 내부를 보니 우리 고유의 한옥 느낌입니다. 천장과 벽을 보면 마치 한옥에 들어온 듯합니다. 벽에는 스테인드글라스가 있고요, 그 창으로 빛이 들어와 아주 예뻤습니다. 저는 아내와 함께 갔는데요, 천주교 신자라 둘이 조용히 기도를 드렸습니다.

------------------------------------

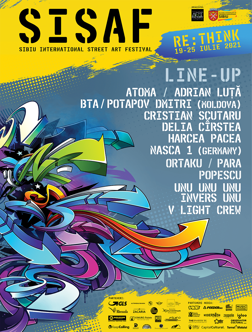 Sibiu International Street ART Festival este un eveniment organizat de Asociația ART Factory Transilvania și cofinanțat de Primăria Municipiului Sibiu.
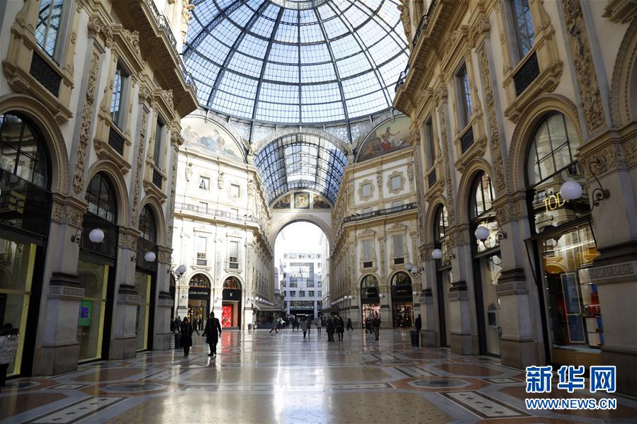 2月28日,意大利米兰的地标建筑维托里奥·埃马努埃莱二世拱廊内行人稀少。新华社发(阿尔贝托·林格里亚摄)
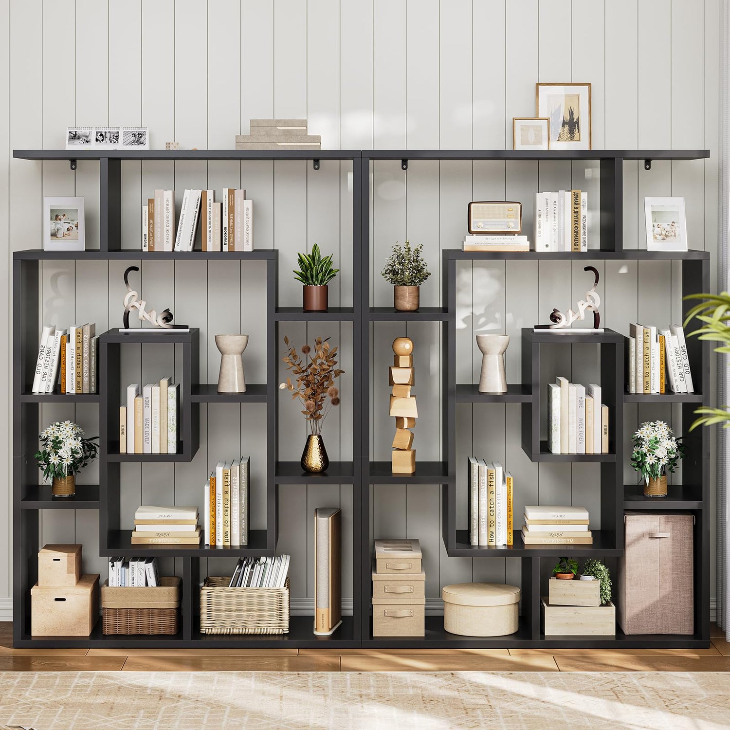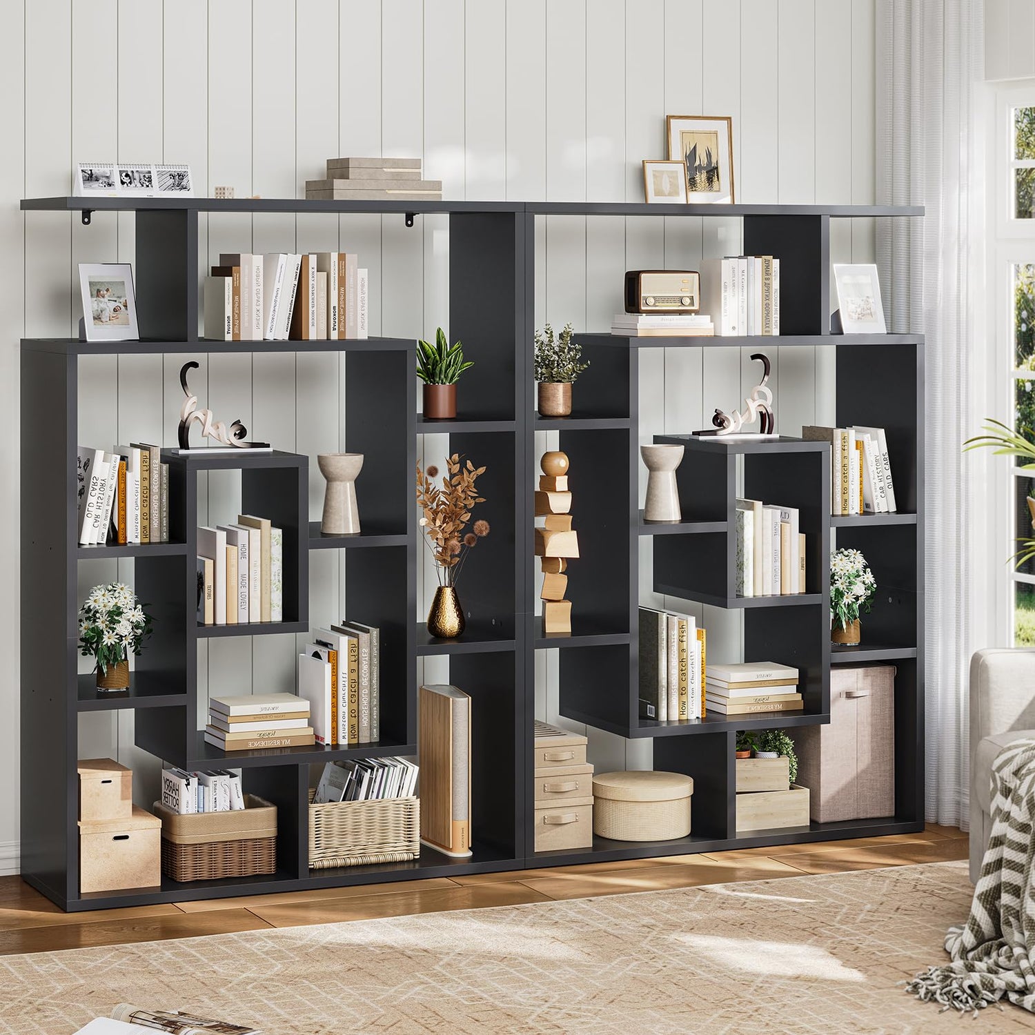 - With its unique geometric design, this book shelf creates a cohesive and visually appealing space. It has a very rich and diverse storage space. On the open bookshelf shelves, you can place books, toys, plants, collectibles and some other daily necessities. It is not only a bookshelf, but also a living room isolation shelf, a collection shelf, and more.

------------------------------------

Exercise.
Skip every picture, and restate word for word only the lines above from the line containing "2月28日,意大利米兰的地标" to the line containing "- With its unique", both of them included.

Task response.
 2月28日,意大利米兰的地标建筑维托里奥·埃马努埃莱二世拱廊内行人稀少。新华社发(阿尔贝托·林格里亚摄)
 - With its unique geometric design, this book shelf creates a cohesive and visually appealing space. It has a very rich and diverse storage space. On the open bookshelf shelves, you can place books, toys, plants, collectibles and some other daily necessities. It is not only a bookshelf, but also a living room isolation shelf, a collection shelf, and more.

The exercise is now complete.